The listing below must be repeated word for word, with its images excluded.
━━━ Material provided
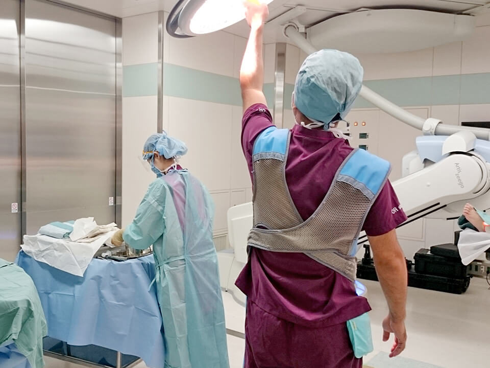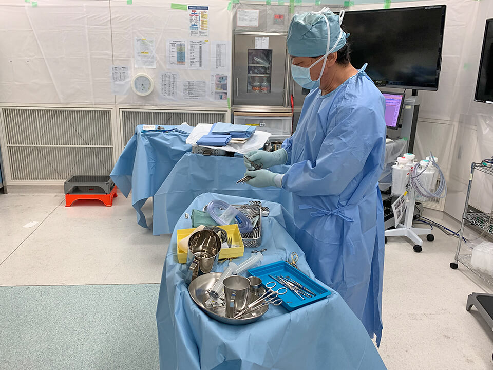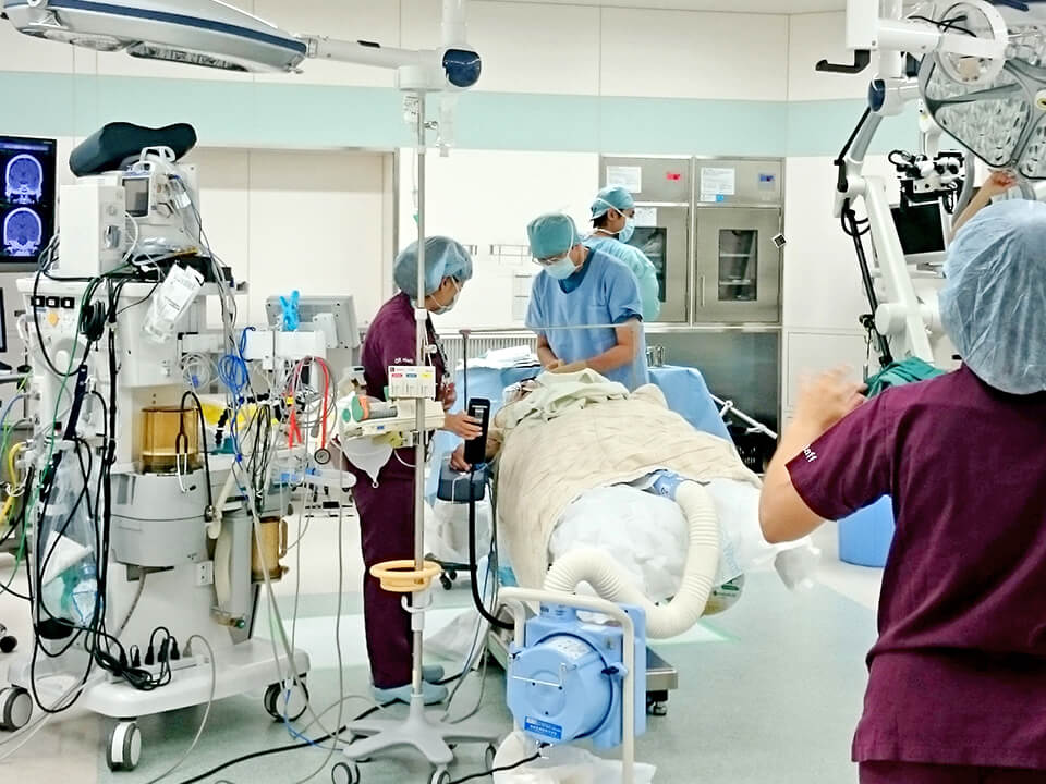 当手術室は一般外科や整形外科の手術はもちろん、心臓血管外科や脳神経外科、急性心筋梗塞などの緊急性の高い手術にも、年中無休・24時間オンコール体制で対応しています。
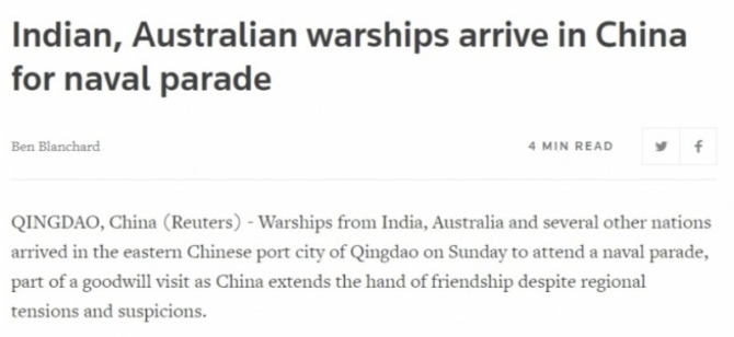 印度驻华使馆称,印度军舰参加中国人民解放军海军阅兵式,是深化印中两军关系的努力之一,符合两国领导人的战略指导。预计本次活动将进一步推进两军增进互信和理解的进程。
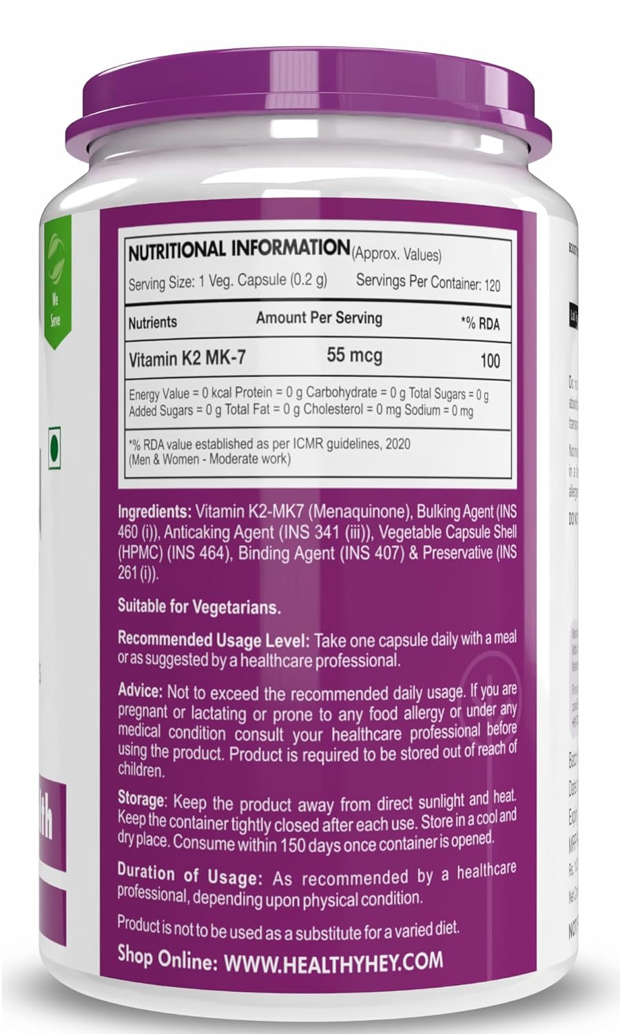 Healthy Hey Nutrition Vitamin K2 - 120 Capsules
━━━━━━
### Your response
 当手術室は一般外科や整形外科の手術はもちろん、心臓血管外科や脳神経外科、急性心筋梗塞などの緊急性の高い手術にも、年中無休・24時間オンコール体制で対応しています。
 印度驻华使馆称,印度军舰参加中国人民解放军海军阅兵式,是深化印中两军关系的努力之一,符合两国领导人的战略指导。预计本次活动将进一步推进两军增进互信和理解的进程。
 Healthy Hey Nutrition Vitamin K2 - 120 Capsules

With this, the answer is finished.